**Input:**
-=-=-
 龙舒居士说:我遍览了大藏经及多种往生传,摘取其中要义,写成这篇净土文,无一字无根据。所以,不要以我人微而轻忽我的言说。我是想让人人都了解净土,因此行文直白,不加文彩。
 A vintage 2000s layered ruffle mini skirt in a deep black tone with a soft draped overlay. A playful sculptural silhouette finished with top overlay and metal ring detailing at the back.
-=-=-
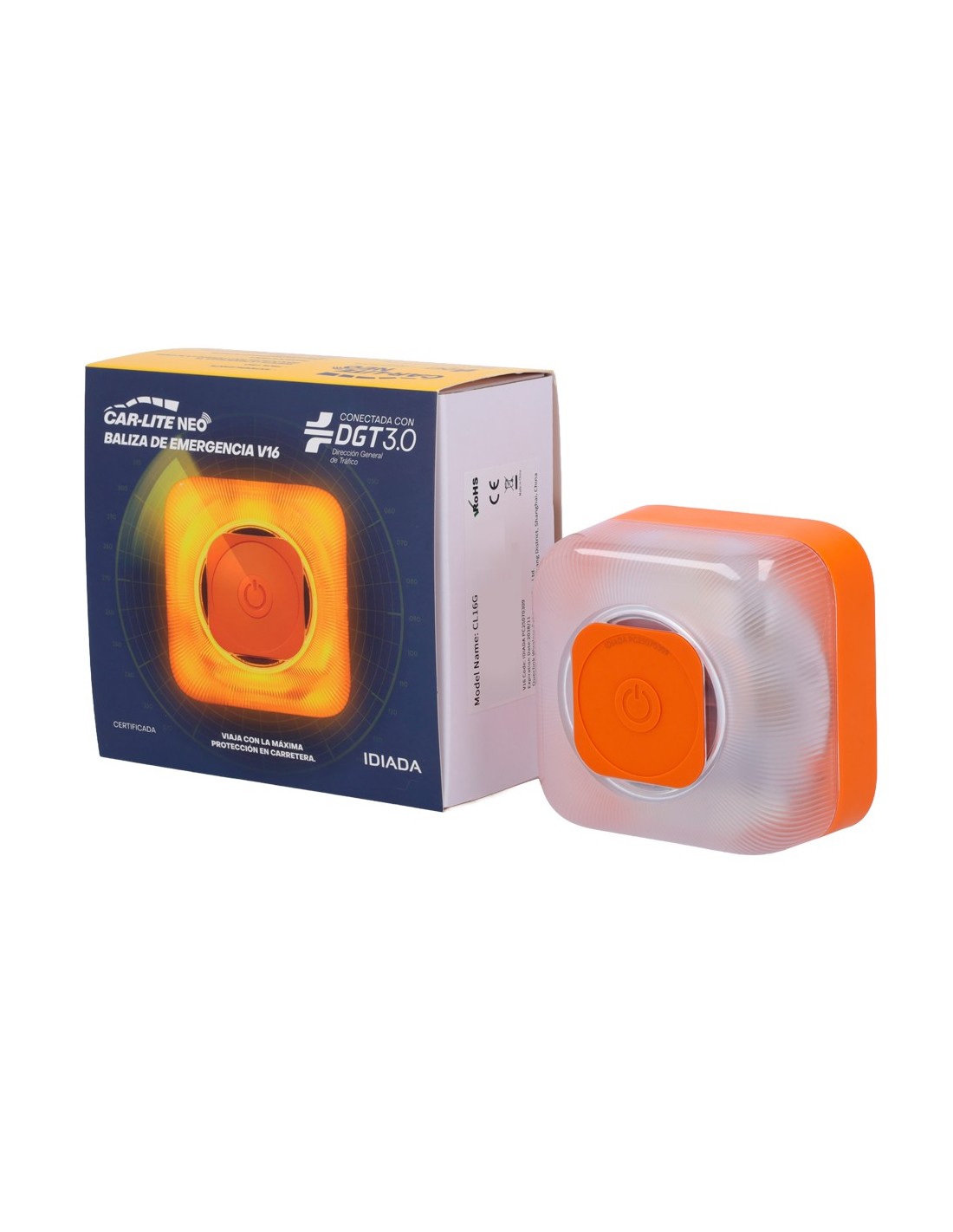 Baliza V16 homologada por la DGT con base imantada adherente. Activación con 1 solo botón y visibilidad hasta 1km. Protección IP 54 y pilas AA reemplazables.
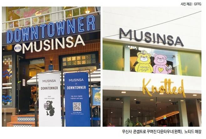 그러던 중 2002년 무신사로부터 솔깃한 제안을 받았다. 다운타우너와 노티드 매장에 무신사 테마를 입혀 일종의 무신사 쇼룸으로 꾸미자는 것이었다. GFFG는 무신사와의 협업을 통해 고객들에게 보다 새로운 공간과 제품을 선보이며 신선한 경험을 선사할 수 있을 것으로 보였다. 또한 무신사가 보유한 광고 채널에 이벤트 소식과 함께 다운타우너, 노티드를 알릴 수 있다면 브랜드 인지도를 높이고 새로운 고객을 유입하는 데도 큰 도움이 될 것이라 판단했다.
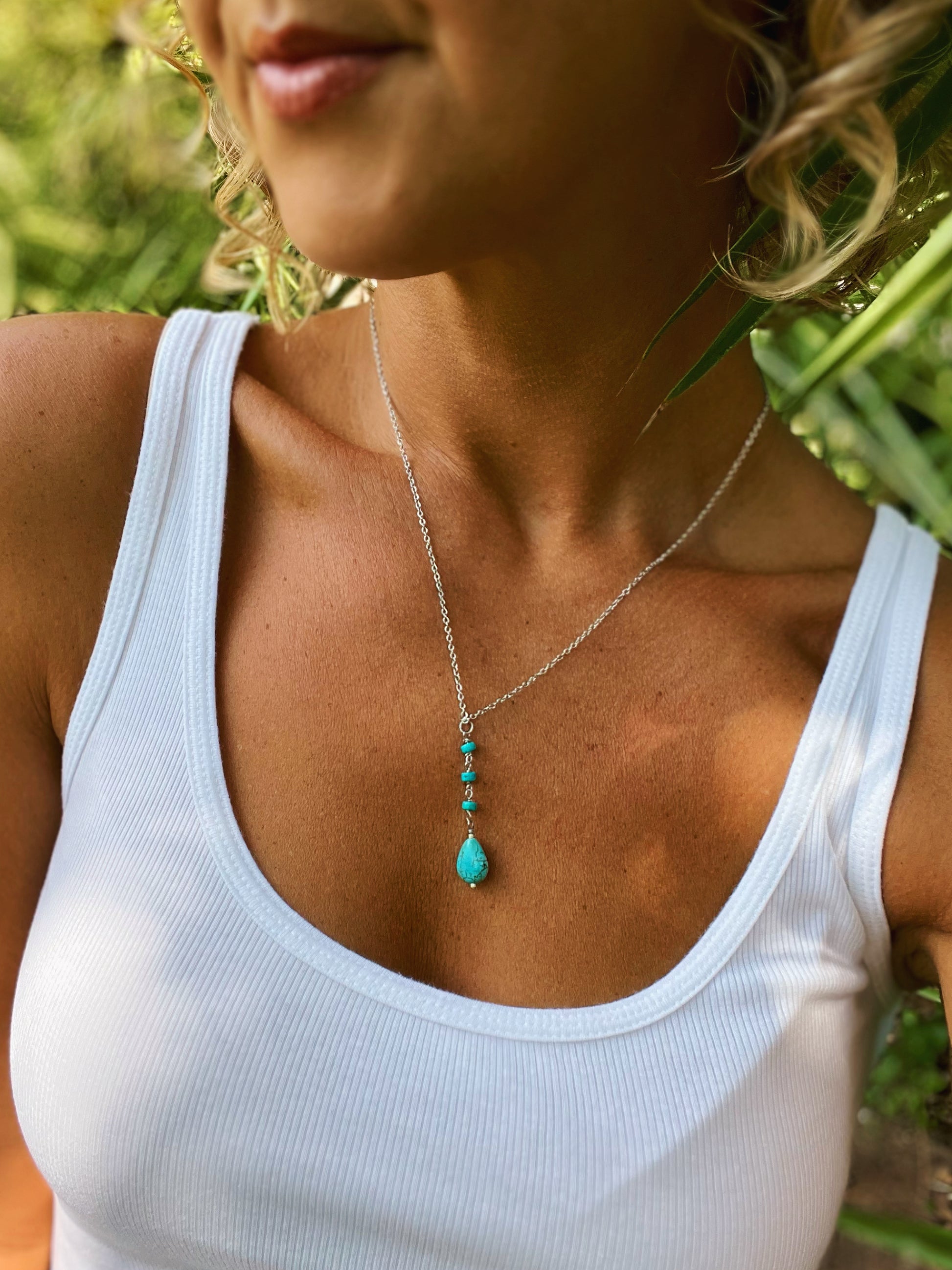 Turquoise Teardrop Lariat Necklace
-=-=-
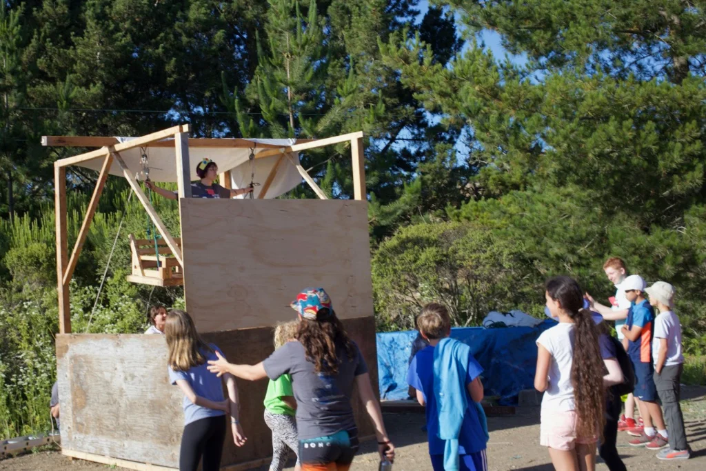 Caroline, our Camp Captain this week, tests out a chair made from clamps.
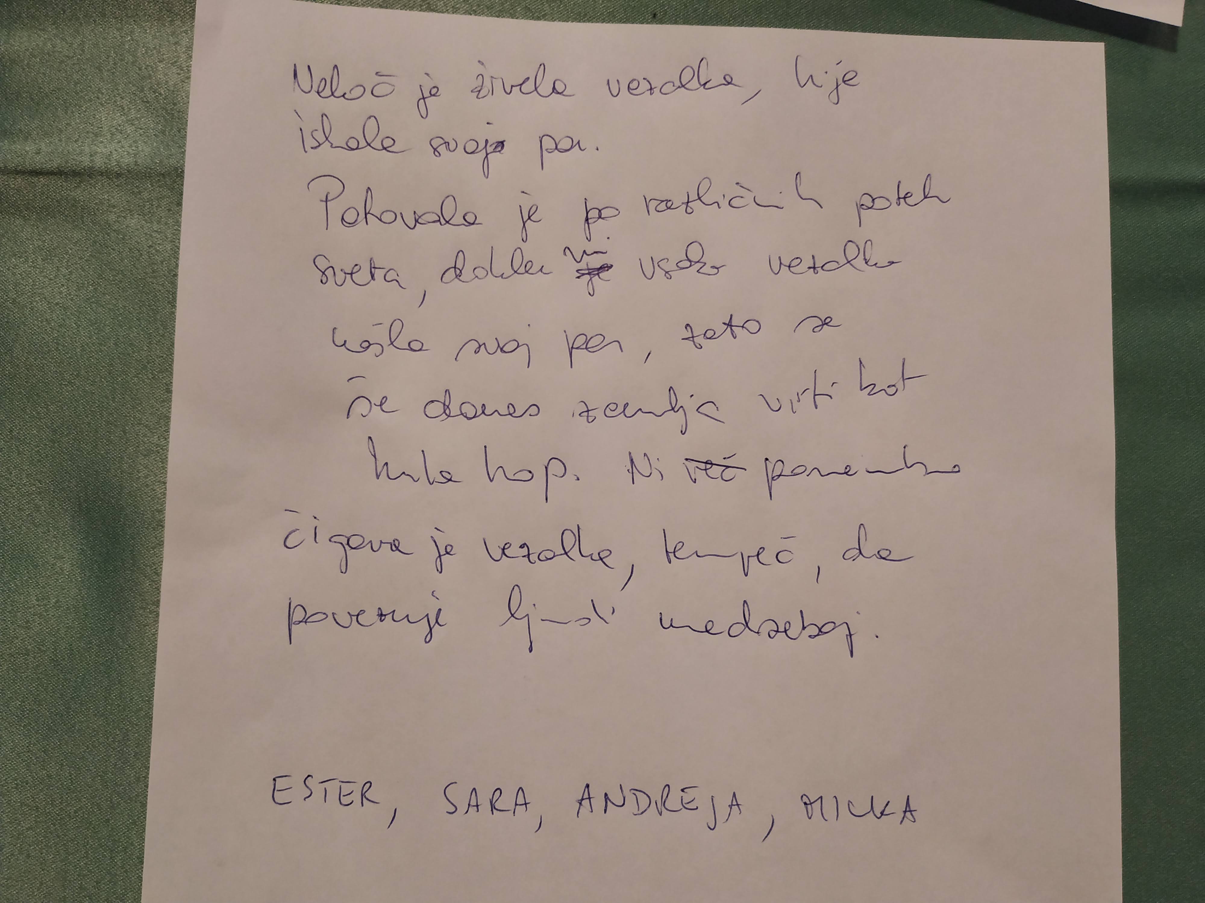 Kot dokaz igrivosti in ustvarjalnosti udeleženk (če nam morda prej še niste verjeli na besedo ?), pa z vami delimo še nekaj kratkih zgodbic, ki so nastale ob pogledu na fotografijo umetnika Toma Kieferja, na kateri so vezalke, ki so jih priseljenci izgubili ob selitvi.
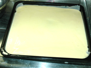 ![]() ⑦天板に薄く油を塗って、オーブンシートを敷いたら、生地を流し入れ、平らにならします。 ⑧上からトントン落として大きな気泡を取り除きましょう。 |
-=-=-
**Task prompt:**
With the pictures removed from your copy, retype the lines above from the one that contains "Baliza V16 homologada" through the one that contains "Turquoise Teardrop Lariat Necklace", exactly.

**Answer box:**
 Baliza V16 homologada por la DGT con base imantada adherente. Activación con 1 solo botón y visibilidad hasta 1km. Protección IP 54 y pilas AA reemplazables.
 그러던 중 2002년 무신사로부터 솔깃한 제안을 받았다. 다운타우너와 노티드 매장에 무신사 테마를 입혀 일종의 무신사 쇼룸으로 꾸미자는 것이었다. GFFG는 무신사와의 협업을 통해 고객들에게 보다 새로운 공간과 제품을 선보이며 신선한 경험을 선사할 수 있을 것으로 보였다. 또한 무신사가 보유한 광고 채널에 이벤트 소식과 함께 다운타우너, 노티드를 알릴 수 있다면 브랜드 인지도를 높이고 새로운 고객을 유입하는 데도 큰 도움이 될 것이라 판단했다.
 Turquoise Teardrop Lariat Necklace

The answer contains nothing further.